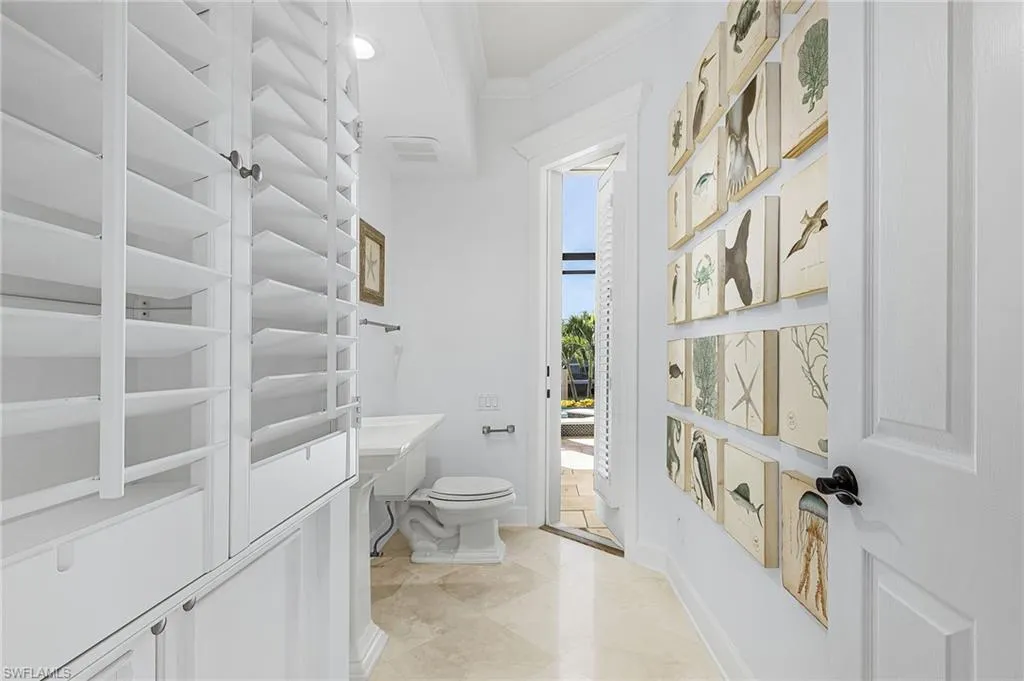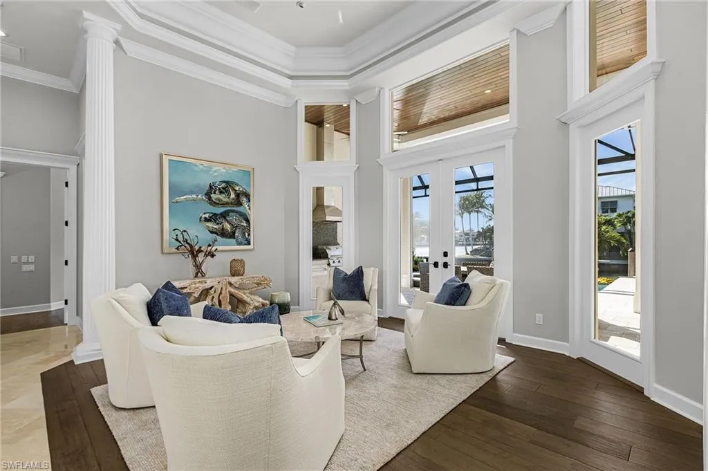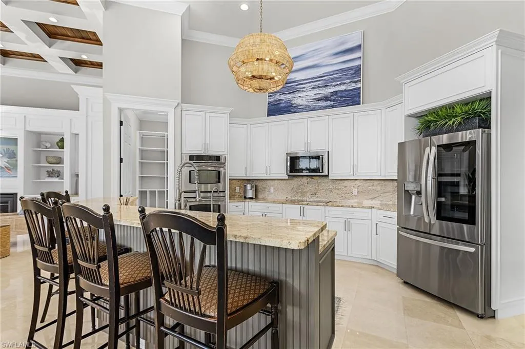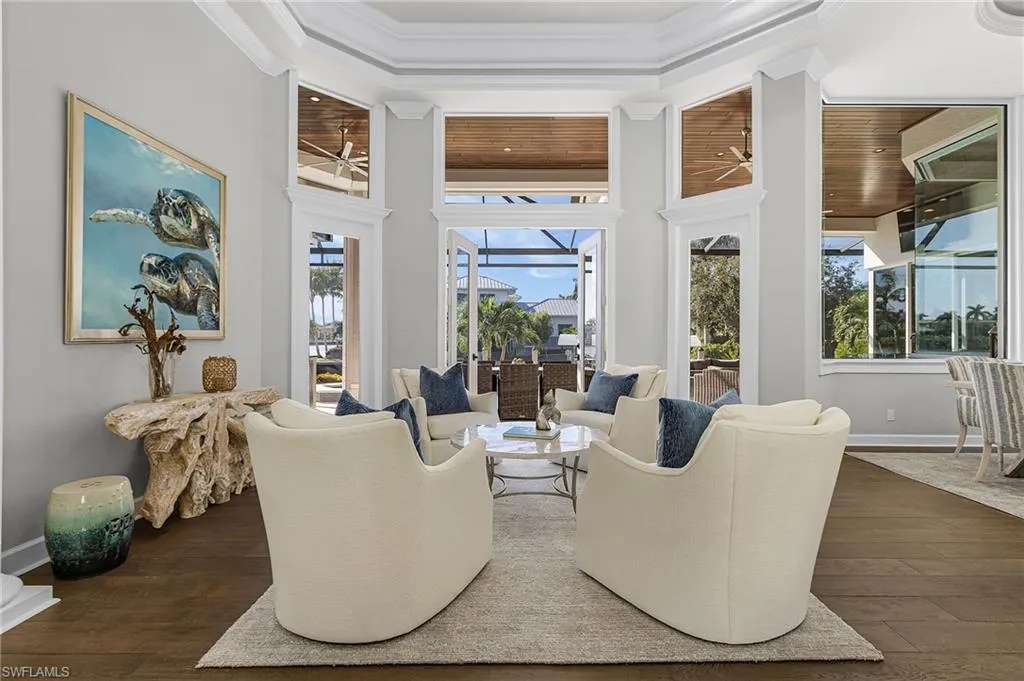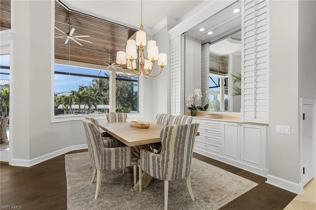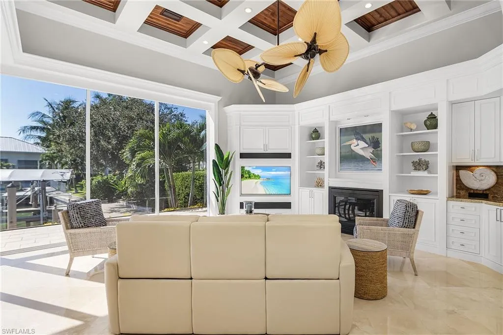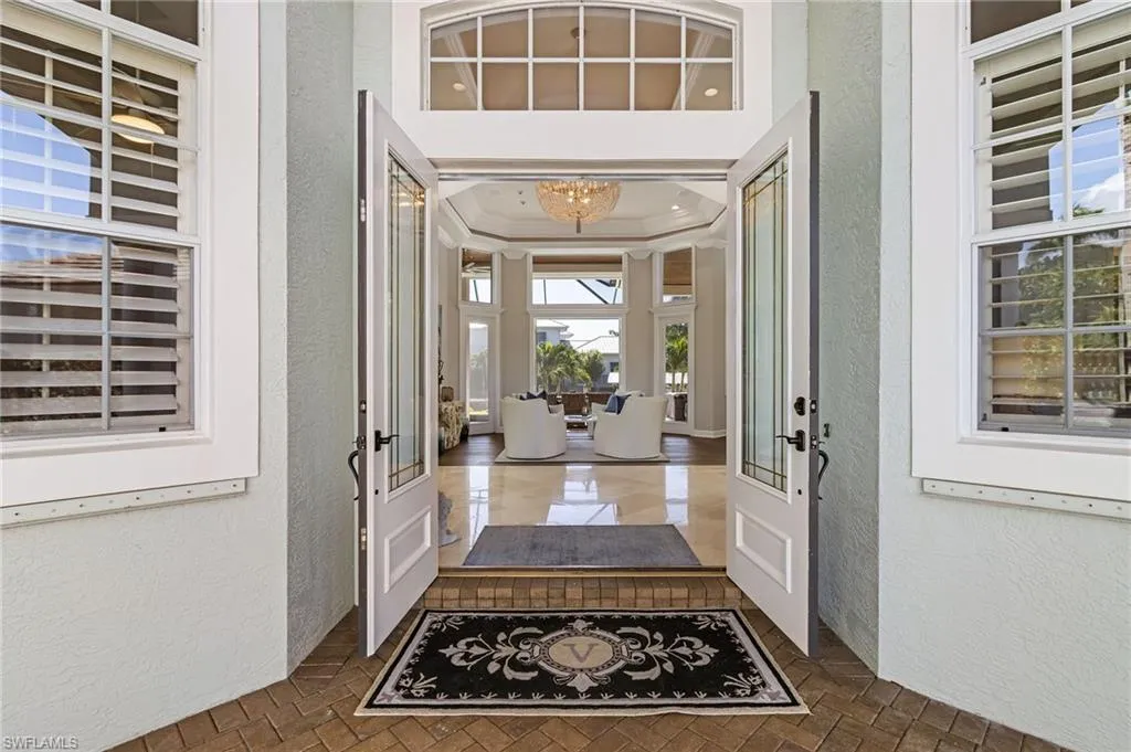 Exquisite Waterfront Estate on Roberts Bay in Marco Island with direct Gulf Access and southern exposure. Welcome to your own slice of paradise on Marco Island’s most desirable waterfront locations. This lavish waterfront residence offers panoramic canal and wide water views with immediate deep water access to the Gulf of America through Caxambas Pass, no bridges required. A true boater’s dream, this home delivers luxury, comfort, and coastal elegance in every detail, where dolphins, manatees, and tropical fish are your daily neighbors. Step through the grand double doors and be greeted by a dramatic wall of windows framing the sparkling infinity-edge heated salwater pool and spa, blending the beauty of the bay beyond. The open concept design fills the home with natural light, while coffered ceilings, custom built-ins, plantation shutters, and Vietnemese hardwood and marble floors showcase timeless craftsmanship and style. This 3-bed +den, 3.5-bath home with a 3-car garage is designed for island living. The chef’s kitchen takes center stage with granite countertops, a spacious island, stainless steel appliances, walk-in pantry with pullouts, breakfest nook, and built-in desk all oriented to capture magnificient waterfront views. Every bedroom offers walk-in closets, ensuring ample storage and comfort for family and guests. Entertain with the zero-corner sliding doors that open completely to a spectacular outdoor living area. Under the warm glow of a rich hardwood ceiling, you’ll find an outdoor kitchen with bar, built in grill, and TV, perfect for al fresco dining, big game party, or relaxing evenings watching boats glide by. The expansive lanai features multiple seating and dining areas, creating an ideal setting for gatherings large or small. Outside, the boater’s amenities are second to none! With 136 ft of seawall, wraparound dock, 60-ft yacht slip with tide guides, covered 13,000-lb boat lift, captain’s walk, and 50-amp shore power with water plus a fish cleaning station, this private dock is built to accomodate vessels of all sizes. Launch your boat for a day of fishing or a sunset cruise straight to the Gulf-no bridges, no limits! Added highlights: remote-controlled hurricane shutters across lanai, two underground propane tanks servicing the pool heater, outdoor grill and indoor fireplace, central vacuum system, and no HOA. The primary suite offers a private retreat with lanai access, a spa-inspired bath with dual sinks, jetted tub, and walk-in shower, and a large safe discreetly placed in main closet. The laundry room includes an ice machine, second fridge, and side entry to a screened porch leading directly to the dock – perfect for storing fishing, scuba, or kayak gear, doubling as a flex space for your pets, hobby area, or garden workspace. From the sunrise reflections on the bay to tranquil evenings by the infinity pool this residence captures the very best of coastal Florida living. Welcome home to Marco Island.
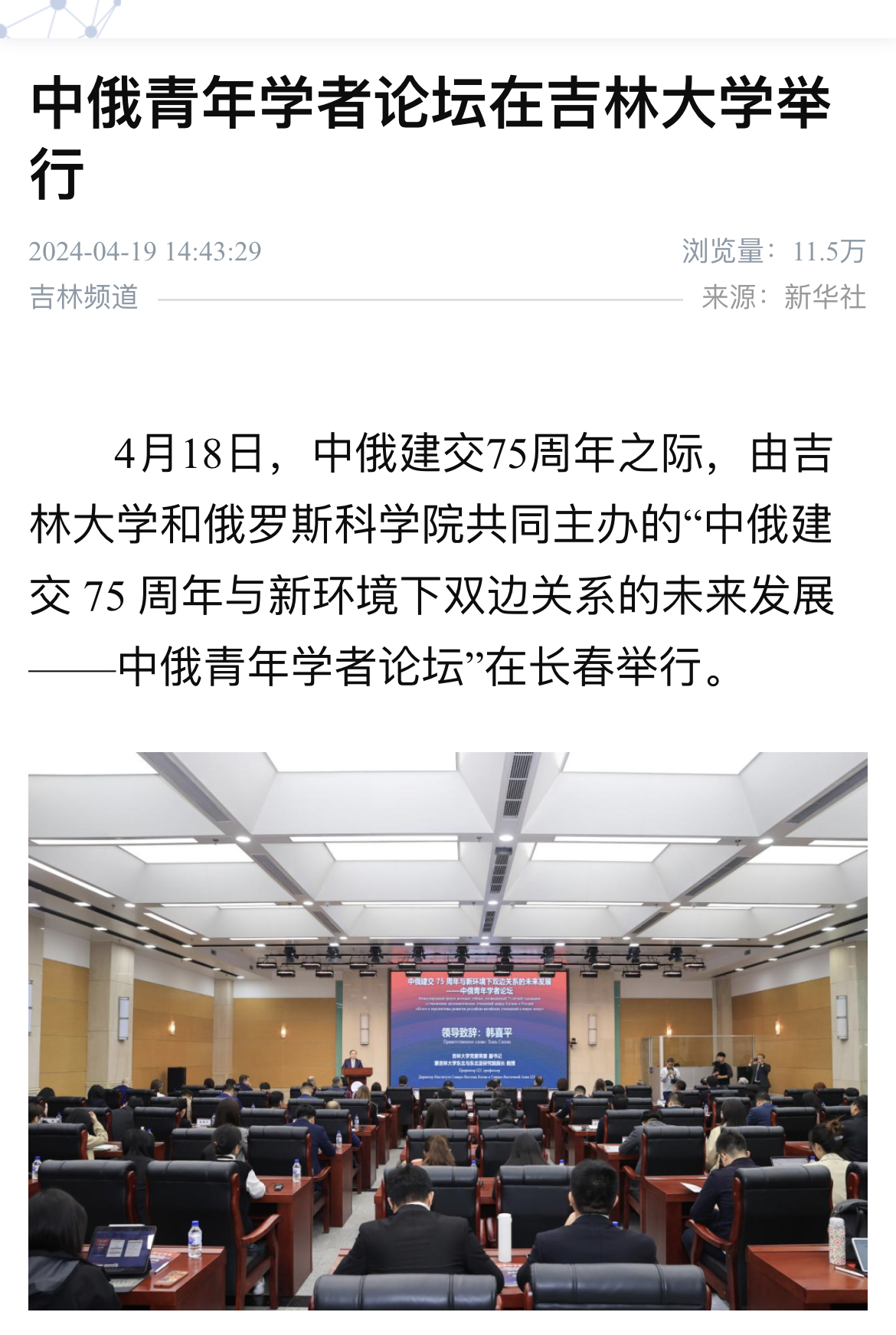 4月18日,中俄建交75周年之际,由吉林大学东北与东北亚研究院、东北亚研究中心,欧洲杯 、东北亚研究院,欧洲杯 欧洲杯 主办,《东北亚论坛》编辑部协办的“中俄建交 75 周年与新环境下双边关系的未来发展——中俄青年学者论坛”在吉林大学举行。
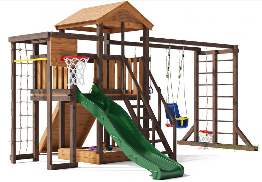 Древесина покрыта специальной пропиткой для защиты дерева от внешней среды: осадков, ультрафиолета и грибка. Мы используем для обработки дерева только сертифицированные экологичные составы на водной основе, безопасные для детей. Помимо защиты, такая пропитка придает городку приятный внешний вид. Цветовая гамма: Золотой тик - Орех. Контрастные оттенки натурального дерева отлично сочетаются друг с другом, а также довольно универсальны и будут гармонично смотреться на участке.
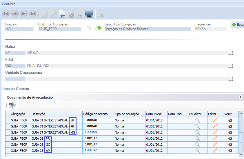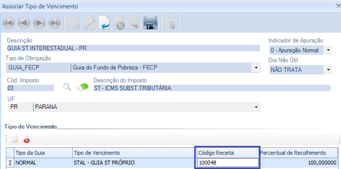 Deverá ser cadastrado um documento de arrecadação para cada UF com movimento. Porém, o código de receita de todas a guias deverá ser o mesmo informado na condição de negócio.
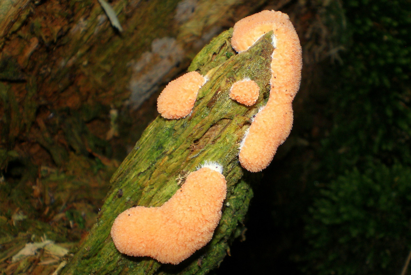 10. Ich nehme mal an, hier handelt es sich um den Lachsfarbenen Schleimpilz (Tubifera ferruginosa).
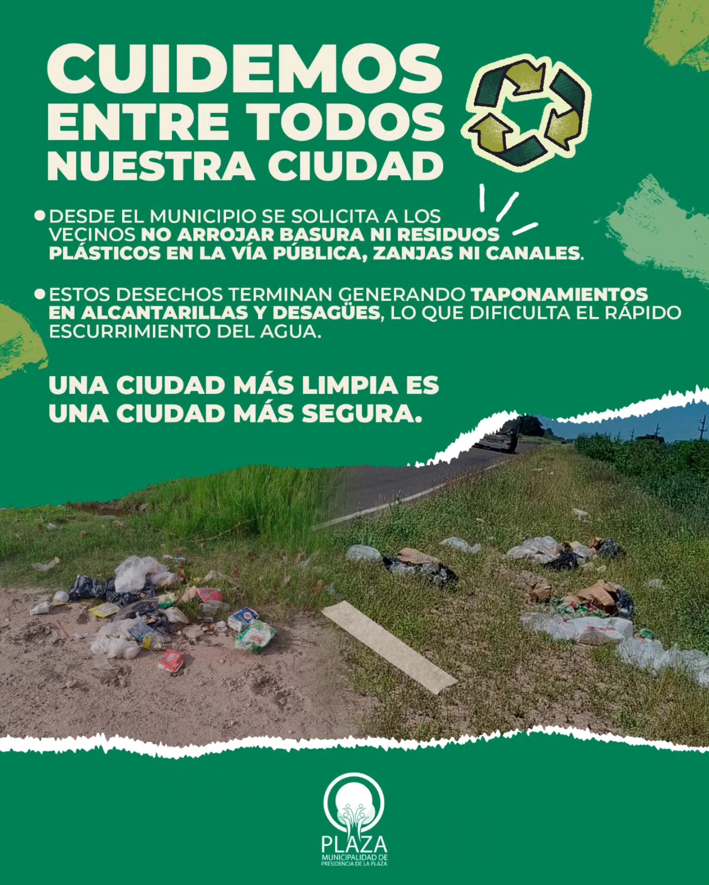 Desde el Municipio se pide a las personas mayores no arrojar residuos plásticos en la vía pública, en los canales.Estos desagües terminan generando taponamientos en riberas y sumideros, lo que dificulta que el agua drene rápidamente y provoca inundaciones, sobre todo en épocas de lluvias intensas.
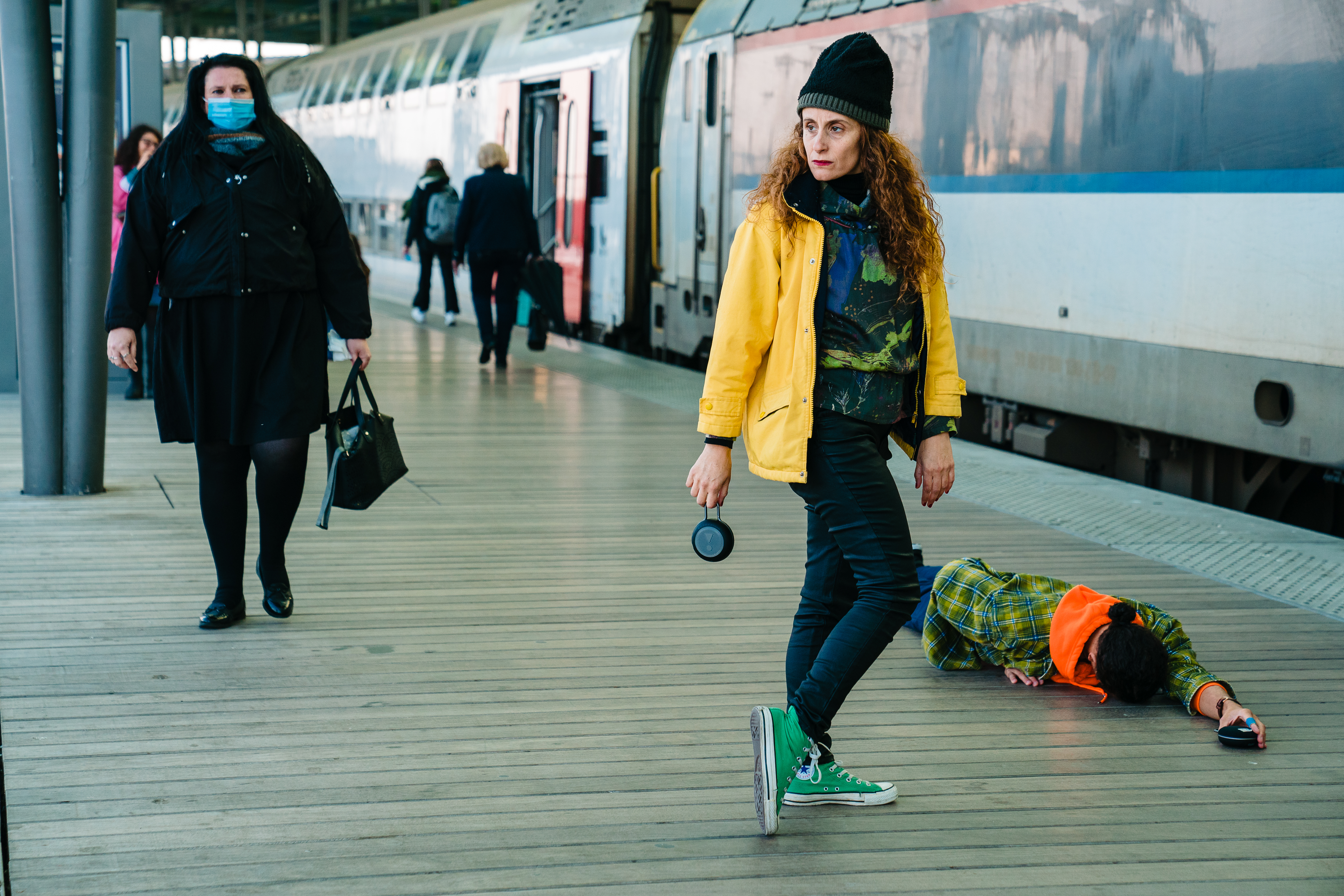 With Derailed, Benjamin Vandewalle derailed the daily choreography of public space by taking over the train station with dance and musical improvisation. In the course of five days, during peak hours, five dancers and a musician engaged in an improvised intervention that “hacked” the everyday routine of commuters and day-trippers. Their durational presence in the station pierced a hole in the quotidian fabric. Trains became giant cameras on rails as they drove slowly along the platform. The streams of people getting in and out of trains and waiting travellers became part of an improvised choreography that made the often-unnoticed, daily choreographies more visible. Watch the aftermovie of Derailed below.
===============
### EXERCISE AIM
Would you please copy the material exactly, leaving all the pictures out?

### COMPLETED EXERCISE
 Exquisite Waterfront Estate on Roberts Bay in Marco Island with direct Gulf Access and southern exposure. Welcome to your own slice of paradise on Marco Island’s most desirable waterfront locations. This lavish waterfront residence offers panoramic canal and wide water views with immediate deep water access to the Gulf of America through Caxambas Pass, no bridges required. A true boater’s dream, this home delivers luxury, comfort, and coastal elegance in every detail, where dolphins, manatees, and tropical fish are your daily neighbors. Step through the grand double doors and be greeted by a dramatic wall of windows framing the sparkling infinity-edge heated salwater pool and spa, blending the beauty of the bay beyond. The open concept design fills the home with natural light, while coffered ceilings, custom built-ins, plantation shutters, and Vietnemese hardwood and marble floors showcase timeless craftsmanship and style. This 3-bed +den, 3.5-bath home with a 3-car garage is designed for island living. The chef’s kitchen takes center stage with granite countertops, a spacious island, stainless steel appliances, walk-in pantry with pullouts, breakfest nook, and built-in desk all oriented to capture magnificient waterfront views. Every bedroom offers walk-in closets, ensuring ample storage and comfort for family and guests. Entertain with the zero-corner sliding doors that open completely to a spectacular outdoor living area. Under the warm glow of a rich hardwood ceiling, you’ll find an outdoor kitchen with bar, built in grill, and TV, perfect for al fresco dining, big game party, or relaxing evenings watching boats glide by. The expansive lanai features multiple seating and dining areas, creating an ideal setting for gatherings large or small. Outside, the boater’s amenities are second to none! With 136 ft of seawall, wraparound dock, 60-ft yacht slip with tide guides, covered 13,000-lb boat lift, captain’s walk, and 50-amp shore power with water plus a fish cleaning station, this private dock is built to accomodate vessels of all sizes. Launch your boat for a day of fishing or a sunset cruise straight to the Gulf-no bridges, no limits! Added highlights: remote-controlled hurricane shutters across lanai, two underground propane tanks servicing the pool heater, outdoor grill and indoor fireplace, central vacuum system, and no HOA. The primary suite offers a private retreat with lanai access, a spa-inspired bath with dual sinks, jetted tub, and walk-in shower, and a large safe discreetly placed in main closet. The laundry room includes an ice machine, second fridge, and side entry to a screened porch leading directly to the dock – perfect for storing fishing, scuba, or kayak gear, doubling as a flex space for your pets, hobby area, or garden workspace. From the sunrise reflections on the bay to tranquil evenings by the infinity pool this residence captures the very best of coastal Florida living. Welcome home to Marco Island.
 4月18日,中俄建交75周年之际,由吉林大学东北与东北亚研究院、东北亚研究中心,欧洲杯 、东北亚研究院,欧洲杯 欧洲杯 主办,《东北亚论坛》编辑部协办的“中俄建交 75 周年与新环境下双边关系的未来发展——中俄青年学者论坛”在吉林大学举行。
 Древесина покрыта специальной пропиткой для защиты дерева от внешней среды: осадков, ультрафиолета и грибка. Мы используем для обработки дерева только сертифицированные экологичные составы на водной основе, безопасные для детей. Помимо защиты, такая пропитка придает городку приятный внешний вид. Цветовая гамма: Золотой тик - Орех. Контрастные оттенки натурального дерева отлично сочетаются друг с другом, а также довольно универсальны и будут гармонично смотреться на участке.
 Deverá ser cadastrado um documento de arrecadação para cada UF com movimento. Porém, o código de receita de todas a guias deverá ser o mesmo informado na condição de negócio.
 10. Ich nehme mal an, hier handelt es sich um den Lachsfarbenen Schleimpilz (Tubifera ferruginosa).
 Desde el Municipio se pide a las personas mayores no arrojar residuos plásticos en la vía pública, en los canales.Estos desagües terminan generando taponamientos en riberas y sumideros, lo que dificulta que el agua drene rápidamente y provoca inundaciones, sobre todo en épocas de lluvias intensas.
 With Derailed, Benjamin Vandewalle derailed the daily choreography of public space by taking over the train station with dance and musical improvisation. In the course of five days, during peak hours, five dancers and a musician engaged in an improvised intervention that “hacked” the everyday routine of commuters and day-trippers. Their durational presence in the station pierced a hole in the quotidian fabric. Trains became giant cameras on rails as they drove slowly along the platform. The streams of people getting in and out of trains and waiting travellers became part of an improvised choreography that made the often-unnoticed, daily choreographies more visible. Watch the aftermovie of Derailed below.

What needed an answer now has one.